The Aryan Nations had one of the first Internet "hate sites," carrying Butler's message worldwide. Butler said he isn't losing sleep as the trial in Coeur d'Alene nears. "I haven't even thought about it," he said when asked about the prospect of losing the suit and being forced to turn the keys to his Hayden Lake compound over to Dees.

"I will leave that up to destiny and God," he said. Butler frequently launches into diatribes against Jews and anti-Aryan whites -- "race traitors who are the Jews' puppets." "The white man is now on trial," he said. "Hate laws are against him. "No hate laws can be applied to a nonwhite," Butler said. "That makes the white man a third-class citizen, in my mind." Butler said if he prevails in the forthcoming trial, he intends to bring his own suit.

"I am going to try to recover legal costs, and monetary damages for pain and suffering," he said. Butler said he worries only about legal costs associated with defending himself and the Aryan Nations. He said he is setting aside $600 of his monthly $800 Social Security check for legal costs.

He is represented by attorney Edgar Steele of Sandpoint. "I think he's doing an excellent job against terrible odds," Butler said of Steele. Butler's also pleading for donations, but didn't offer an estimate of how much he's raised.

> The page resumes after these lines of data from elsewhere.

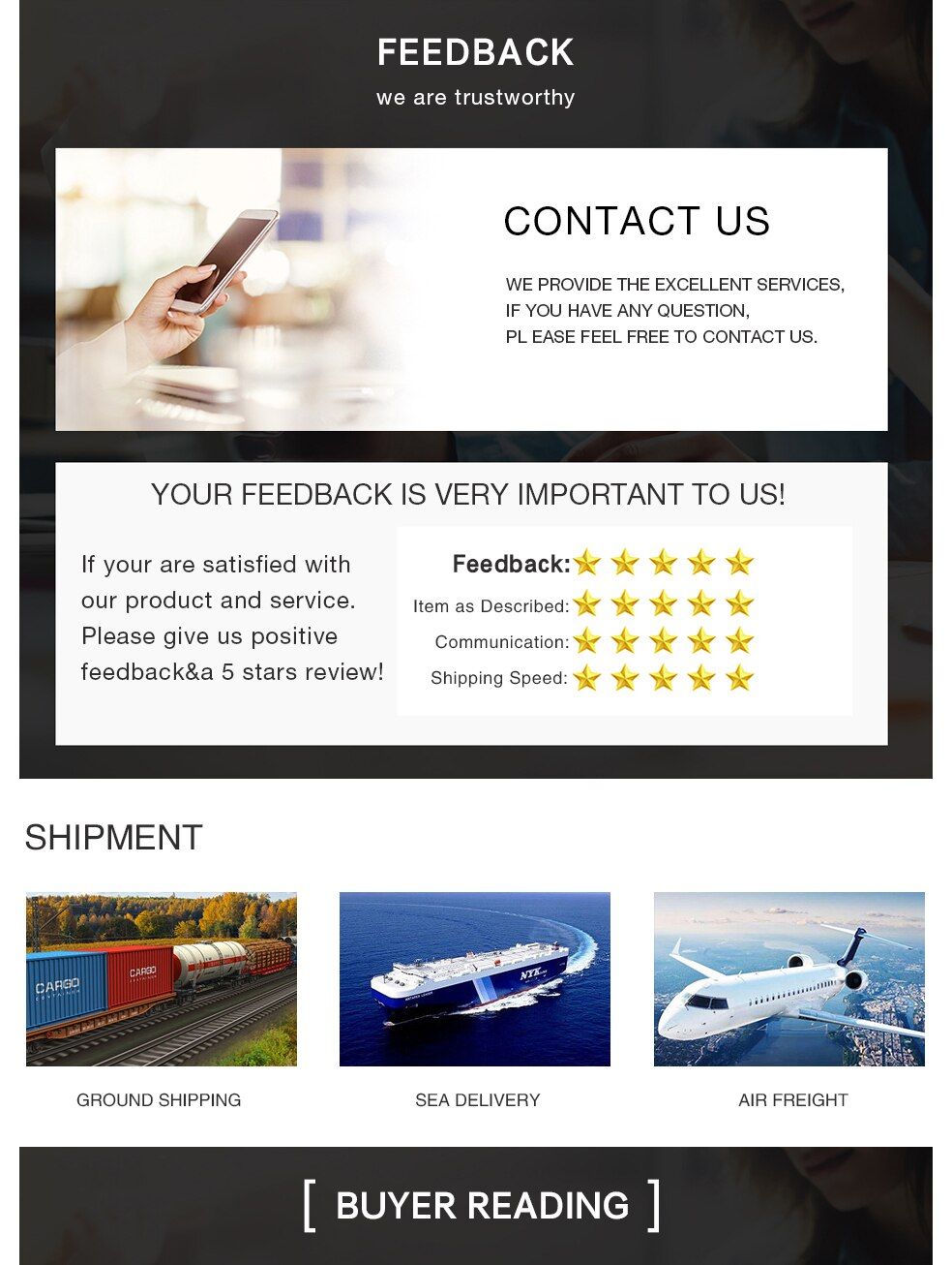2. 귀하의 의견은 귀하의 비즈니스 개발에 매우 중요하기 때문에 귀하가 당사의 제품과 서비스에 만족한다면 진심으로 긍정적 인 피드백을 남기도록 초대합니다. 1 분 밖에 걸리지 않지만이 1 분은 우리에게 매우 중요한 의미를 가지고 있습니다.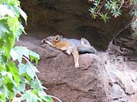 Cat Canyon is approached from above, allowing you to look down at the animals' habitat. The better view is along the underground path, where they can be seen and photographed through nearly invisible mesh screening or glass. |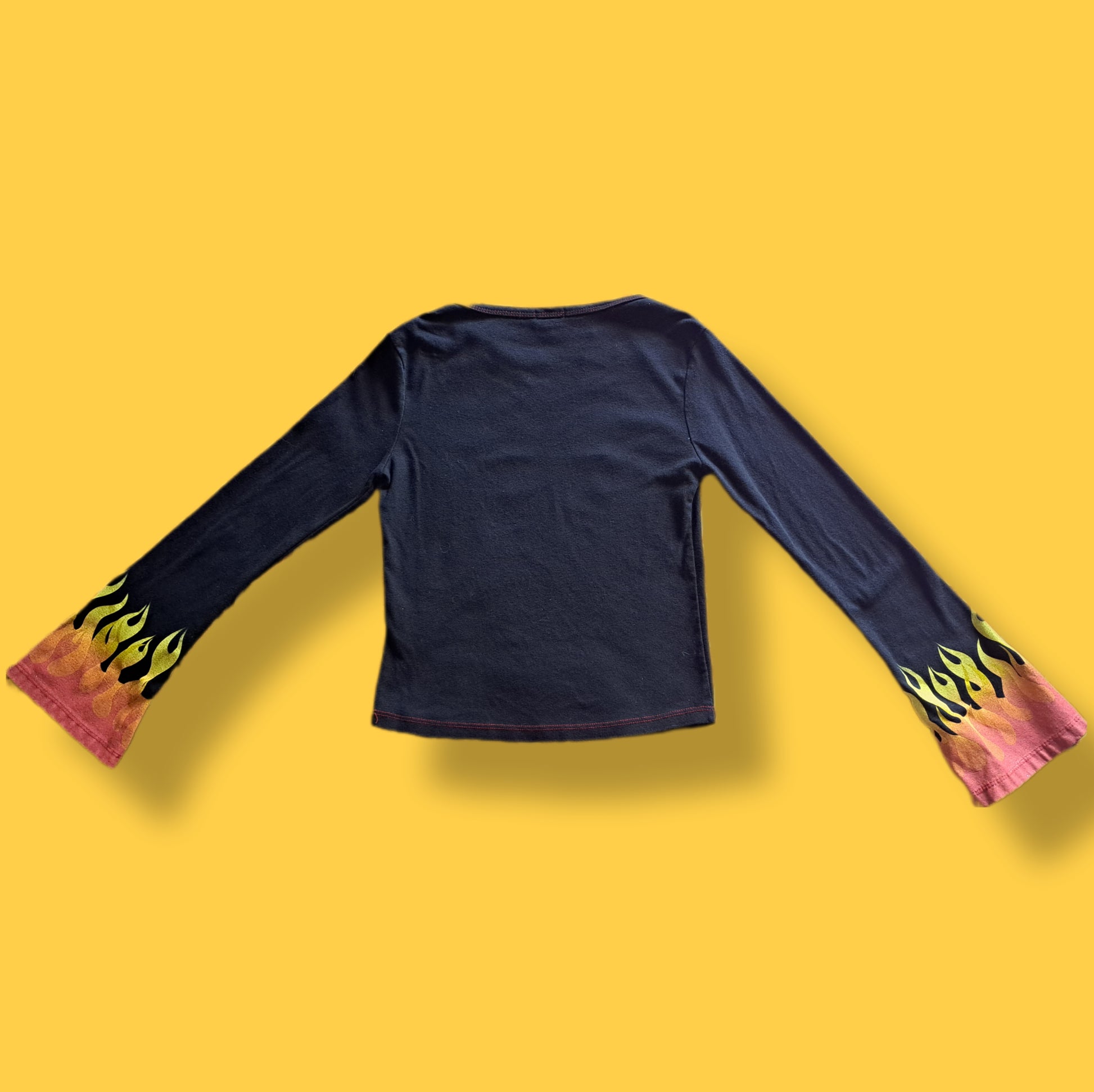 Description: black, orange and yellow long sleeve top with butterfly and flames graphic on front and bell flare sleeves.
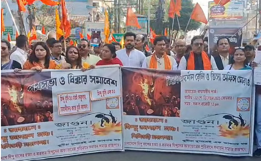 কূটনৈতিক সূত্রগুলো জানিয়েছে, বাংলাদেশে হিন্দু সম্প্রদায়ের ওপর অত্যাচারের ঘটনার প্রতিবাদে শিলিগুড়ির বাঘা যতীন পার্কে জমায়েত হন বিএইচপি, হিন্দু জাগরণ মঞ্চ, শিলিগুড়ি মহানগর সংগঠনের প্রায় শ তিনেক সদস্য। এরপর তাঁরা বিক্ষোভ মিছিল নিয়ে বাংলাদেশের ভিসা অফিস ঘেরাও করেন। বিক্ষোভের সময় বাংলাদেশে সংখ্যালঘু হিন্দুদের ওপর নির্যাতন বন্ধ, দীপু দাসের হত্যার বিচার ও দোষী ব্যক্তিদের শাস্তির দাবি জানান।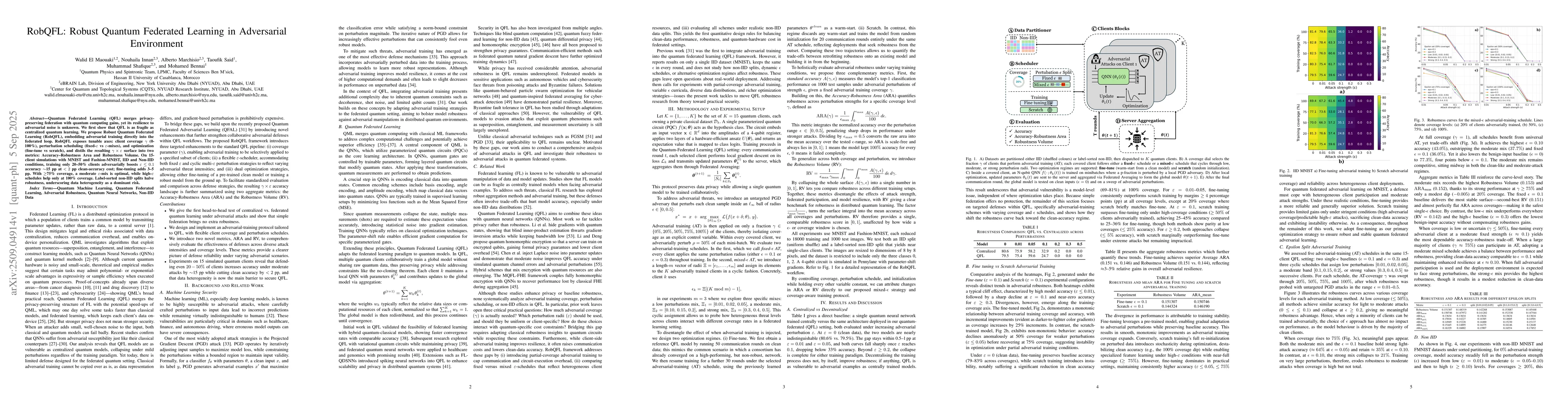 Quantum Federated Learning (QFL) merges privacy-preserving federation with quantum computing gains, yet its resilience to adversarial noise is unknown. We first show that QFL is as fragile as centralized quantum learning. We propose Robust Quantum Federated Learning (RobQFL), embedding adversarial training directly into the federated loop. RobQFL exposes tunable axes: client coverage $\gamma$ (0-100\%), perturbation scheduling (fixed-$\varepsilon$ vs $\varepsilon$-mixes), and optimization (fine-tune vs scratch), and distils the resulting $\gamma \times \varepsilon$ surface into two metrics: Accuracy-Robustness Area and Robustness Volume. On 15-client simulations with MNIST and Fashion-MNIST, IID and Non-IID conditions, training only 20-50\% clients adversarially boosts $\varepsilon \leq 0.1$ accuracy $\sim$15 pp at $< 2$ pp clean-accuracy cost; fine-tuning adds 3-5 pp. With $\geq$75\% coverage, a moderate $\varepsilon$-mix is optimal, while high-$\varepsilon$ schedules help only at 100\% coverage. Label-sorted non-IID splits halve robustness, underscoring data heterogeneity as a dominant risk.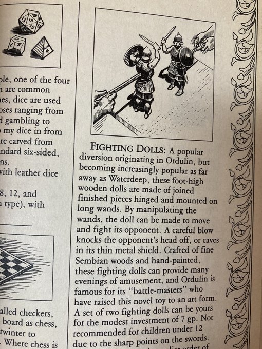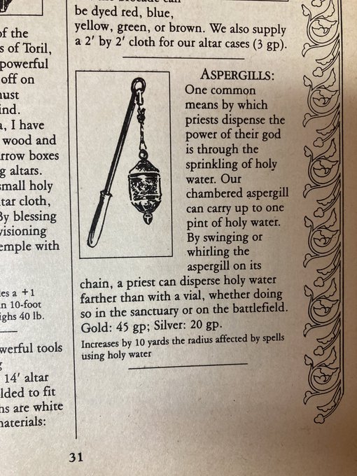 Priests even get their religious trappings, such as this holy water sprinkler. And all material components for wizard and priest spells are given, with costs.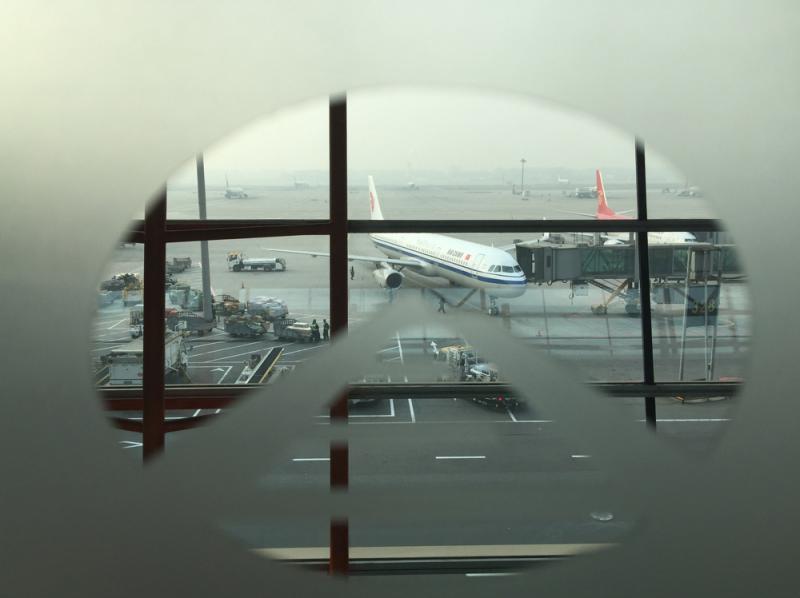 圖:17日,一架飛機抵達北京首都國際機場/新華社

"What I feel is there is a lot of support here for us," Butler said. "There are a lot of people who don't think we should be run out." Other white supremacists are voicing support for him, Butler said. "We have received calls from people wanting to come for the trial. I have tried to discourage them because the courtroom is only so big." Soon after moving to North Idaho, Butler made headlines in 1975 when he and his "Christian Posse Comitatus" tried to arrest a police officer in the Kootenai County Courthouse. Butler narrowly avoided arrest.

In 1976, Butler and Posse Comitatus member Harold Hunt were charged with threatening a man with a pistol. Butler was acquitted. In 1980, Butler and three of his followers were convicted of trespassing at a Boise motel. The Red Lion Inn had canceled a scheduled meeting by the Aryan Nations.

In 1998, Butler was convicted of obstructing a sheriff's deputy during a pepper spray fracas outside the Aryan compound. Earlier, he was convicted of trespassing for handing out literature at a hotel in Coeur d'Alene. Butler, who survived bypass surgery in 1987, still conducts Sunday services at his Church of Jesus Christ Christian at the compound. Typically, a couple dozen people show up.

On weekdays, Butler walks from an old farmhouse, where he lives with his German shepherd, Fritz, to the tiny Aryan Nations office. He opens mail and checks with a small staff of volunteers who run the office. They answer the telephone and mail Aryan literature to those requesting it.

Pictures of Adolf Hitler and Bob Mathews, who left the Aryan Nations to form a terrorist group known as The Order, are on the office walls. His wife, Betty, died in 1995, and he still talks about missing her, associates say.

He has two daughters, one of whom lives in Coeur d'Alene, but they do not actively support their father's racist views. He doesn't regret his leadership role in the white supremacy movement for the past three decades, Butler said.

"It feels very good. I have no regrets, nope, none whatsoever. I feel privileged that I was allowed to embark on this course."